> _Exercise instructions_
This calls for a verbatim copy of all the data, with no images carried over.

> _Data_
=== Section Start ===

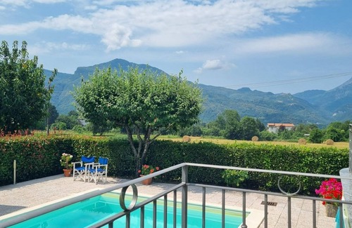 The villa is pristine and spacious, and sits on the edge of a residential area outside of Barga. The property has a private not overlooked garden and pool property has the benefit of fantastic views across fields, with the mountains in the background.
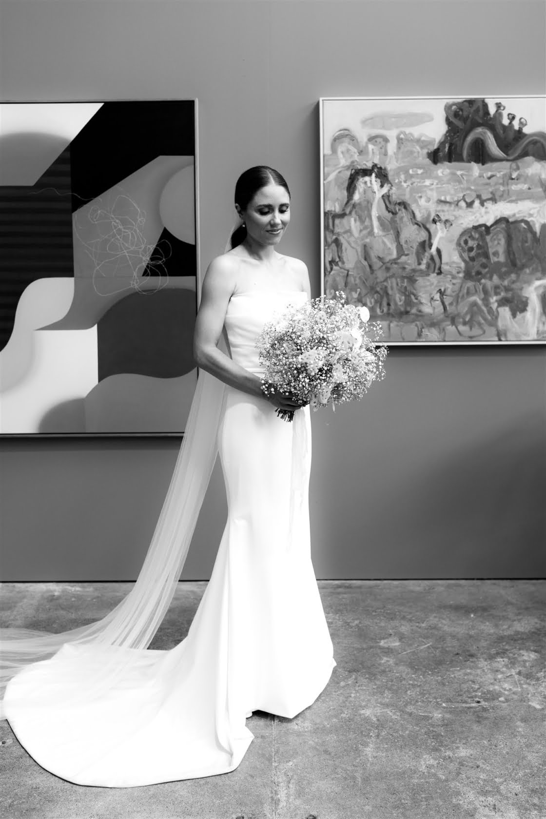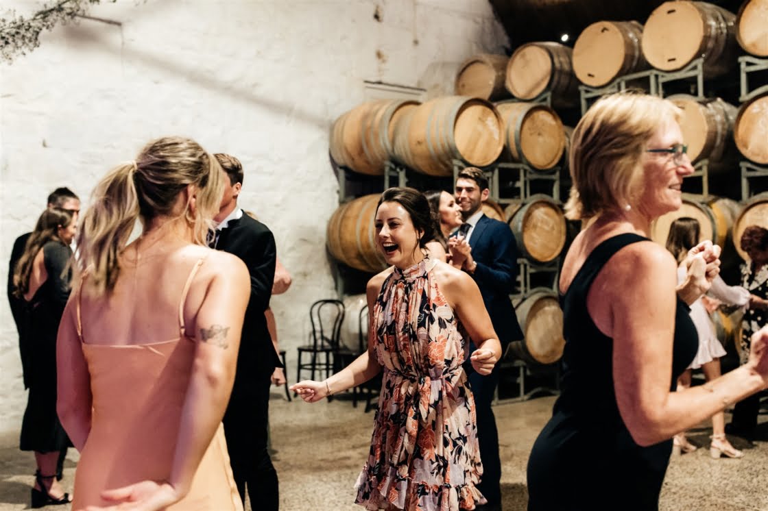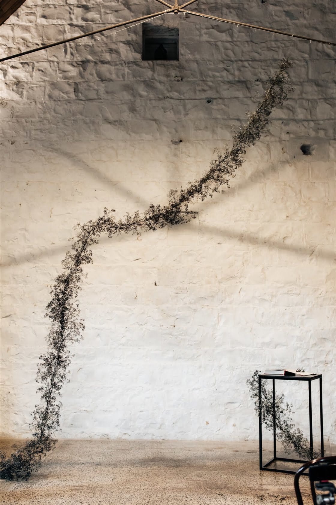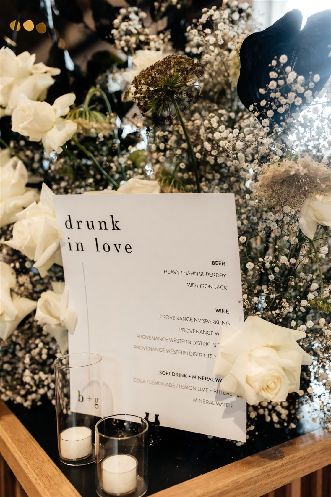 FAVE DETAILS “Getting married under the draping clouds of black gyp was my favourite visual element. I also loved the contrast of scattered white, including our bouquets and mine with added hints of lunaria. Looking around when the dance floor came alive really gave me time to appreciate just how amazing Provenance Wines looks at night – all lit up with fairy lights and candles.”
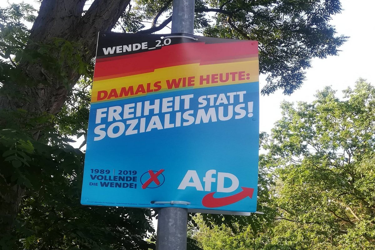 Was natürlich hanebüchener Unsinn ist, denn die Vereinigung erfolgte erstens nicht unter Mitwirkung der AfD und zweitens nicht im Hinblick auf die Verwirklichung ihrer Ziele. Außerdem gab es die AfD Anfang der 90er noch gar nicht, so dass es von einer ziemlichen Dreistigkeit zeugt, die Ereignisse von vor dreißig Jahren für sich zu verbuchen. Der in München geborene Andreas Kalbitz, der gemeinsam mit Björn Höcke zum ultrarechten Flügel der AfD gerechnet wird und jetzt als brandenburgischer Spitzenkandidat auftritt, zählte 1989 gerade mal siebzehn Lenze und war strammes CSU-Mitglied. Für den reiferen Wessi wie meinen Mann und mich ist es jedenfalls ein schockierendes Déjà vu, ausgerechnet hier und heute mit dem "Freiheit oder Sozialismus"-Slogan eines Franz Josef Strauß' konfrontiert zu werden. Das hat schon etwas Zombiehaftes.
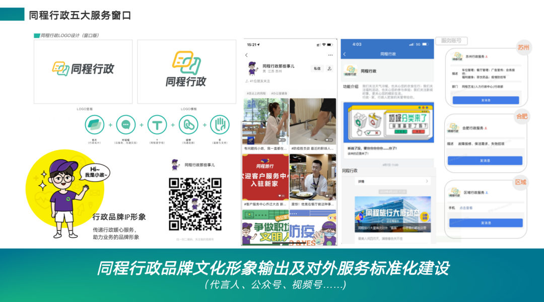 “为什么要做五个窗口、三大平台、两大体系?文化形象的输出意味着我们需要把自己的工作晒出来,让职场里各个角落都有同程行政的logo,有同程行政的联系方式,设计自己的IP形象,在公司内部有自己的形象代言人,让同程行政的服务对自己员工、也对外全部开放。”

=== Section End ===

> _Output of the task_
 The villa is pristine and spacious, and sits on the edge of a residential area outside of Barga. The property has a private not overlooked garden and pool property has the benefit of fantastic views across fields, with the mountains in the background.
 FAVE DETAILS “Getting married under the draping clouds of black gyp was my favourite visual element. I also loved the contrast of scattered white, including our bouquets and mine with added hints of lunaria. Looking around when the dance floor came alive really gave me time to appreciate just how amazing Provenance Wines looks at night – all lit up with fairy lights and candles.”
 Was natürlich hanebüchener Unsinn ist, denn die Vereinigung erfolgte erstens nicht unter Mitwirkung der AfD und zweitens nicht im Hinblick auf die Verwirklichung ihrer Ziele. Außerdem gab es die AfD Anfang der 90er noch gar nicht, so dass es von einer ziemlichen Dreistigkeit zeugt, die Ereignisse von vor dreißig Jahren für sich zu verbuchen. Der in München geborene Andreas Kalbitz, der gemeinsam mit Björn Höcke zum ultrarechten Flügel der AfD gerechnet wird und jetzt als brandenburgischer Spitzenkandidat auftritt, zählte 1989 gerade mal siebzehn Lenze und war strammes CSU-Mitglied. Für den reiferen Wessi wie meinen Mann und mich ist es jedenfalls ein schockierendes Déjà vu, ausgerechnet hier und heute mit dem "Freiheit oder Sozialismus"-Slogan eines Franz Josef Strauß' konfrontiert zu werden. Das hat schon etwas Zombiehaftes.
 “为什么要做五个窗口、三大平台、两大体系?文化形象的输出意味着我们需要把自己的工作晒出来,让职场里各个角落都有同程行政的logo,有同程行政的联系方式,设计自己的IP形象,在公司内部有自己的形象代言人,让同程行政的服务对自己员工、也对外全部开放。”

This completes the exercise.